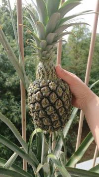 ここまで大きくなりましたが… パイナップルが熟れるのが先か? 冬が来るのが先か? 台風が来る度に移動で葉も私も(トゲで‼️)傷だらけになりました… 久しぶりにコストコでデルモンテパイナップルを2個買ってきたので、解体の合間に~(笑)
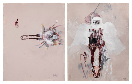 | Gouache watercolor, acrylic, pencil and clay on paper; Vegetable dye, watercolor, acrylic, gouache, pencil and clay on paper | |
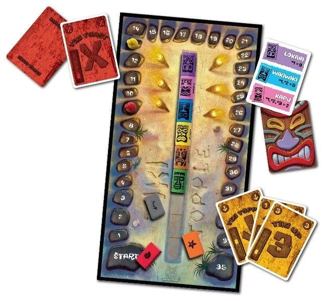 歡迎來到提基島,該處為九座鮮豔雕像之故鄉,那些雕像都正在競逐成為玻里尼西亞人心中最棒的偶像!在這款步調快速的策略遊戲中,你得打出正確組合的行動卡,盡量讓你秘密支持的提基排到隊伍的最前面,使用"提基向上"卡來讓一座提基雕像移動到最前面;"推倒提基"會讓對手的提基滾到最後面,但是要小心"提基焚毀"卡,它會讓你的提基離開遊戲板。你得獲得最多分數才能自稱為提基大師。
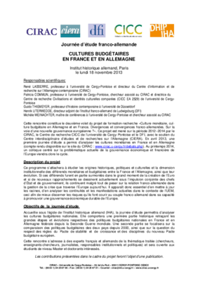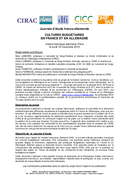 Studientag organisiert von der Universität Cergy-Pontoise in Zusammenarbeit mit dem CIRAC, dem CIERA, dem DFI sowie dem CICC mit Unterstützung des DHIP.
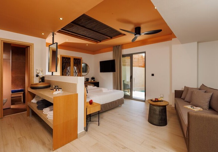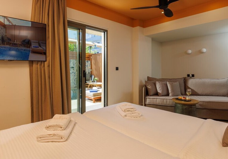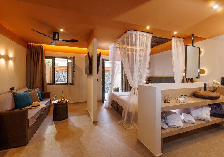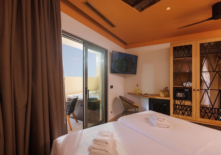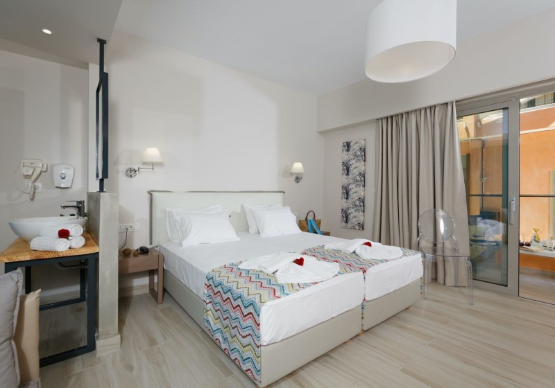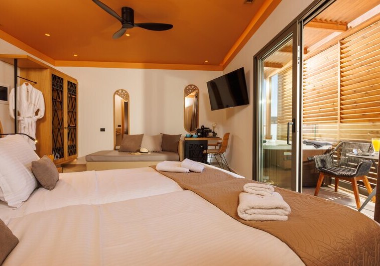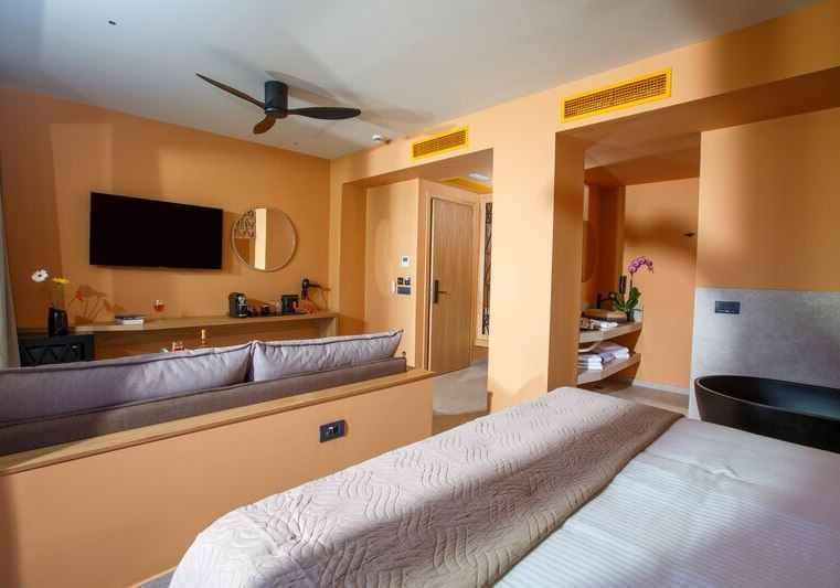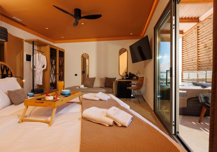 Superior Zimmer bringen Kaffee-/Teezubereiter, Bademäntel, Badetücher und Slipper mit. Die Kategorie Superior Whirlpool bietet einen eigenen Whirlpool. In der Deluxe Superior Suite ergänzt ein Whirlpool und ein Hamam; Bügeleisen und -brett sind ausgewiesen. Familienzimmer sind für bis zu vier Personen vorgesehen – ideal, wenn Ihr mit großen Kindern reist.

- **EXERCISE DESCRIPTION**:
From the first line to the last, write out the data above exactly. Omit the pictures.

- **ANSWER TO THIS TASK**:
 ここまで大きくなりましたが… パイナップルが熟れるのが先か? 冬が来るのが先か? 台風が来る度に移動で葉も私も(トゲで‼️)傷だらけになりました… 久しぶりにコストコでデルモンテパイナップルを2個買ってきたので、解体の合間に~(笑)
 | Gouache watercolor, acrylic, pencil and clay on paper; Vegetable dye, watercolor, acrylic, gouache, pencil and clay on paper | |
 歡迎來到提基島,該處為九座鮮豔雕像之故鄉,那些雕像都正在競逐成為玻里尼西亞人心中最棒的偶像!在這款步調快速的策略遊戲中,你得打出正確組合的行動卡,盡量讓你秘密支持的提基排到隊伍的最前面,使用"提基向上"卡來讓一座提基雕像移動到最前面;"推倒提基"會讓對手的提基滾到最後面,但是要小心"提基焚毀"卡,它會讓你的提基離開遊戲板。你得獲得最多分數才能自稱為提基大師。
 Studientag organisiert von der Universität Cergy-Pontoise in Zusammenarbeit mit dem CIRAC, dem CIERA, dem DFI sowie dem CICC mit Unterstützung des DHIP.
 Superior Zimmer bringen Kaffee-/Teezubereiter, Bademäntel, Badetücher und Slipper mit. Die Kategorie Superior Whirlpool bietet einen eigenen Whirlpool. In der Deluxe Superior Suite ergänzt ein Whirlpool und ein Hamam; Bügeleisen und -brett sind ausgewiesen. Familienzimmer sind für bis zu vier Personen vorgesehen – ideal, wenn Ihr mit großen Kindern reist.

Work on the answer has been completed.